In 1942 he and his brother Arnold managed to escape, which had been organized by the Jewish underground organization Œuvre de secours aux enfants (OSE). Together with other Jewish children, including David Hirsch from Dirmstein , who was born in 1928 , the Niedermann brothers were subsequently hidden in various places in France, including the Izieu children 's home ( children of Izieu ). Arnold Niedermann was able to be smuggled from the OSE via Portugal to Baltimore (USA) to her mother's sister. Paul Niedermann, like his school friend Hanna Meyer-Moses (* 1927), was brought to safety across the Swiss border with other Jewish children at the end of 1943 .

With the exception of the two brothers, all other abducted family members fell victim to the Holocaust . The parents were transported to extermination camps across Europe in 1942; the father died in Majdanek , the mother in Auschwitz . The grandfather had died earlier in Gurs.

After the Second World War, Paul Niedermann settled in France. He spent his working life, among other things as a journalist and photographer, in Paris, where he also lived in retirement. His brother lived in the United States and died in Los Angeles in 2000 .

Niedermann met his fellow sufferer and escapist David Hirsch more often, including on March 25, 2009 in Dirmstein. At that time, Hirsch, the only one still alive from the deported Jews of the village, had come from Argentina to lay the stumbling block for his family.
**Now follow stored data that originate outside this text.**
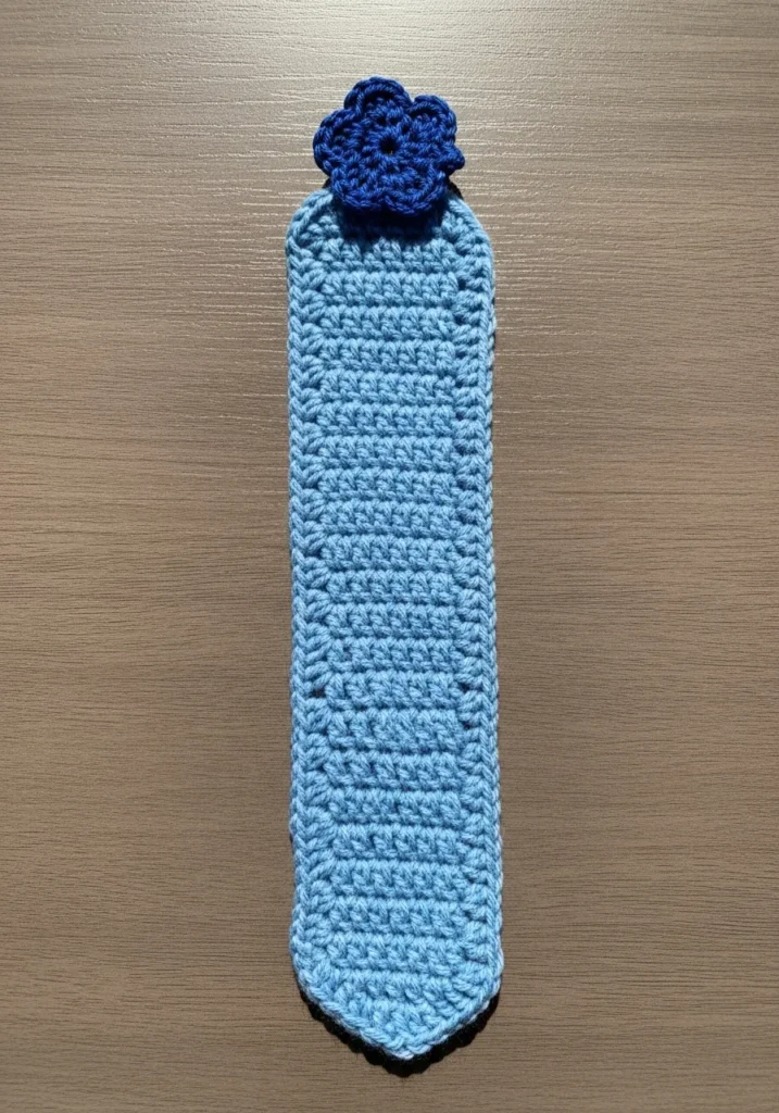 This slender book accessory is whipped up in a calming sky blue yarn with a lovely rounded base that tapers perfectly at the bottom. It uses a combination of half double and double crochet stitches to create a smooth, flat surface that won’t bulk up your favorite novel. At the very top, a vibrant royal blue flower with five petals is firmly attached, acting as a beautiful anchor that peeks out from your pages. The yarn has a slightly glossy finish, which makes the delicate stitch definition really stand out against the wooden background.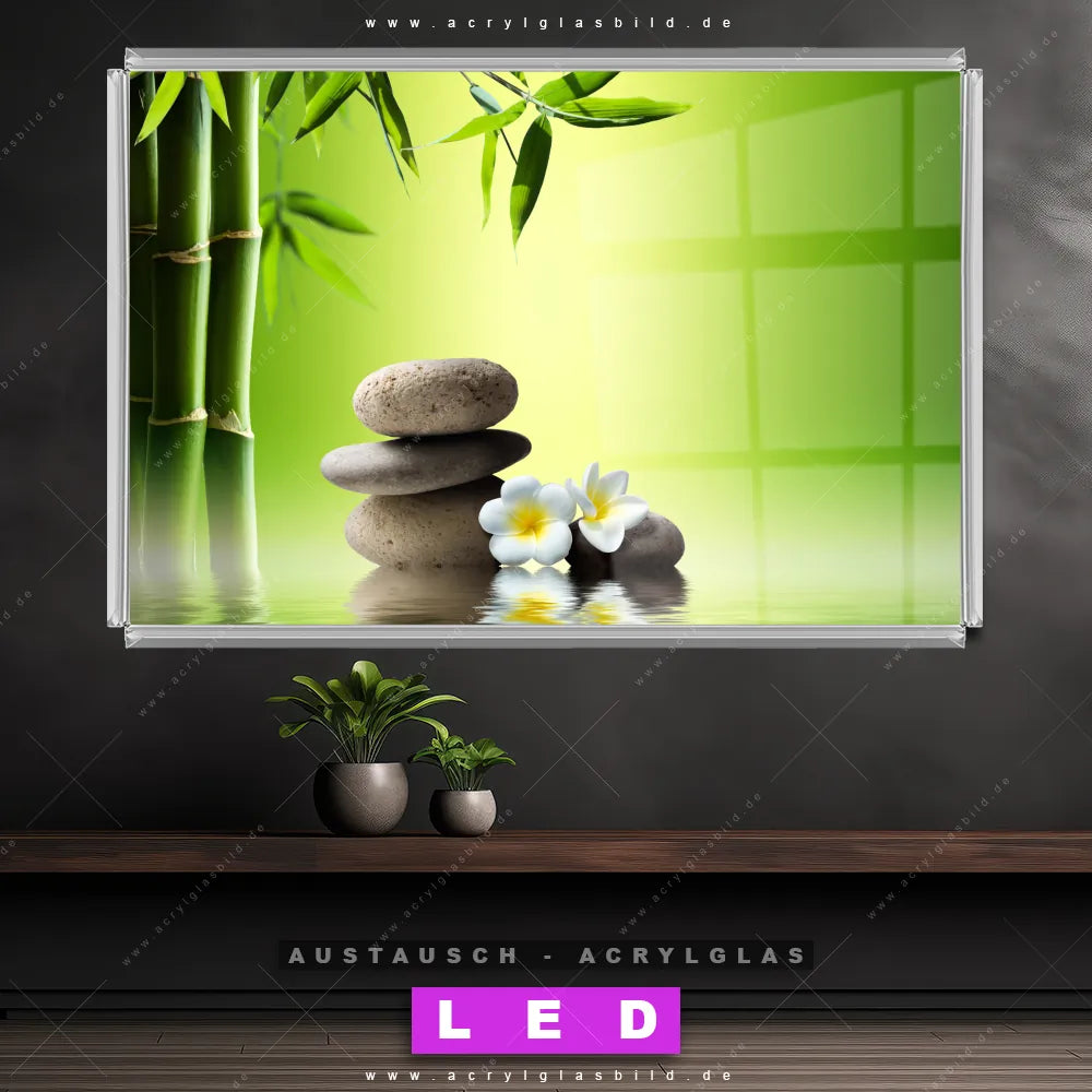 Wechsel-Acrylglas Canvalight® DIA | Bambus & Steine | Querformat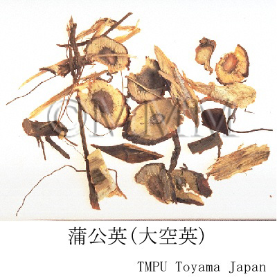 | Remarks | The Pharmacopoeia of the People's Republic of China defines (2020 edi.) defines the whole plant of Taraxacum mongolicum Hand.-Mazz. (Jap. name: Mōko-tampopo), T. borealisinense Kitam. (Jap. name: Shina-tampopo) as "Pugongying" (蒲公英). Others are T. erythropodium Kitag., T. ceratophorum DC., T. pseudo-albidum Kitag., T. pseudo-albidum Kitag. var. lutescens Kitag., T. ohwianum Kitam., T. dissectum Ledeb., T. asiaticum Dahlst., T. cuspidatum Dahlst., T. officinale Weber (Jap. name: Seiyō-tampopo) etc. The above plants are mainly used in northeastern and northern China. TMany commercial products are found to be contaminated. In southern China, the whole plant of Emilia sonchifolia (L.) DC. of family Compositae (Jap. name: Usubeninigana) or Elephantopus scaber L. is known as "Pugongying" or "Tugongying" (土公英) and used. In Yunnan Province, Picris divaricata Vent. is referred to as "Pugongying". In Taiwan, the whole plant of Ixeris chinensis (Thunb.) Nakai (Jap. name: Usagiso) is called "Pugongying". The whole plant of I. laevigata (Blume) Sch.-Bip. ex Maxim. var. oldhami (Maxim.) Kitam. (Jap. name: Atsubanigana) is also used in the same way. The Korean "Pugongying" is mainly the whole plant of T. mongolicum Hand.-Mazz. var. corniculatum Nakai (JP name: Keirin-tampopo), or T. asiaticum Dahlst. etc. In rare cases, the roots are also sold as "Pugongying-gen". In Japan, it is mainly the roots of T. japonicum Koidz. (Jap. name: Kansai-tampopo) and T. officinale, and is called "Hokōeikon" (Pugongying-gen). | ||||||

Significance as a contemporary witness

During his testimony as a witness in the trial of Klaus Barbie , who was on trial in Lyon for war crimes in France in 1987 , Niedermann was first publicly confronted with his own story. In 1988, at the invitation of the city administration, he officially returned to Karlsruhe for the first time, where he reported on his experiences. Since then he has been invited to give lectures throughout Germany. The descriptions of his personal experiences were clear and haunting, he spoke freely for two to three hours without written records. In addition to his lecturing activities, he also took an active part in guided tours in the Gurs camp. Dialogue with young people was particularly important to him. With his commitment, Niedermann wanted to ensure that the past and the Shoah do not disappear from public and private consciousness. That is why he emphasized in his lectures:

“As long as I'm still alive, I can scream against injustice and oblivion. But when I'm no longer there and my generation, then it's up to you to cry out. "

Honors

literature

  • Thomas Lindemann (Ed.): You can't build on hatred. Memories . Info Verlag, Karlsruhe 2011, ISBN 978-3-88190-643-2 .
  • Thomas Lindemann (Ed.): Un enfant juif, un homme libre. Mémoires . Info Verlag, Karlsruhe 2011, ISBN 978-3-88190-673-9 .
  • Ernst Otto Bräunche (Ed.): Letters - Gurs - lettres. Letters from a Baden-Jewish family from French internment camps. Paul Niedermann, memories = mémoires . Info Verlag, Karlsruhe 2011, ISBN 978-3-88190-619-7 .
  • City of Mannheim (Department of Children, Youth and Family - Youth Welfare Office) and Stadtjugendring Mannheim e. V. (Ed.): Gurs 1170 km. For the deportation of Jews from Baden and Palatinate to Gurs . Exhibition and project documentation of the group "Souvenir de Gurs", Mannheim 2006.

Web links

Commons : Paul Niedermann  - Collection of pictures, videos and audio files

Individual evidence

  1. ^ Paul Niedermann, un ancien enfant juif de la Maison d'Izieu, s'est éteint le 7 décembre à l'âge de 91 ans. In: leprogres.fr. December 13, 2018, accessed on December 15, 2018 (in French, "Paul Niedermann, formerly a Jewish child from the Izieu house , died on December 7th at the age of 91").
  2. Jürgen Bich (bjg): "We are 120 years old" . In: Die Rheinpfalz , local edition Frankenthaler Zeitung . Ludwigshafen March 28, 2009.
  3. Albert H. Keil (Red.): "Dirmstein remembers" . Days of Remembrance for the Victims of National Socialism. Ed .: Dirmstein municipality. Dirmstein 2009, p. 5 f . ( online [PDF; 333 kB ]).
  4. Hildegard Janssen-Müller (hjm): Moving Gurs film premiered in the Casimirianum . In: Die Rheinpfalz , local edition Mittelhaardter Rundschau . Ludwigshafen January 31, 2009 (world premiere in the Casimirianum Neustadt ).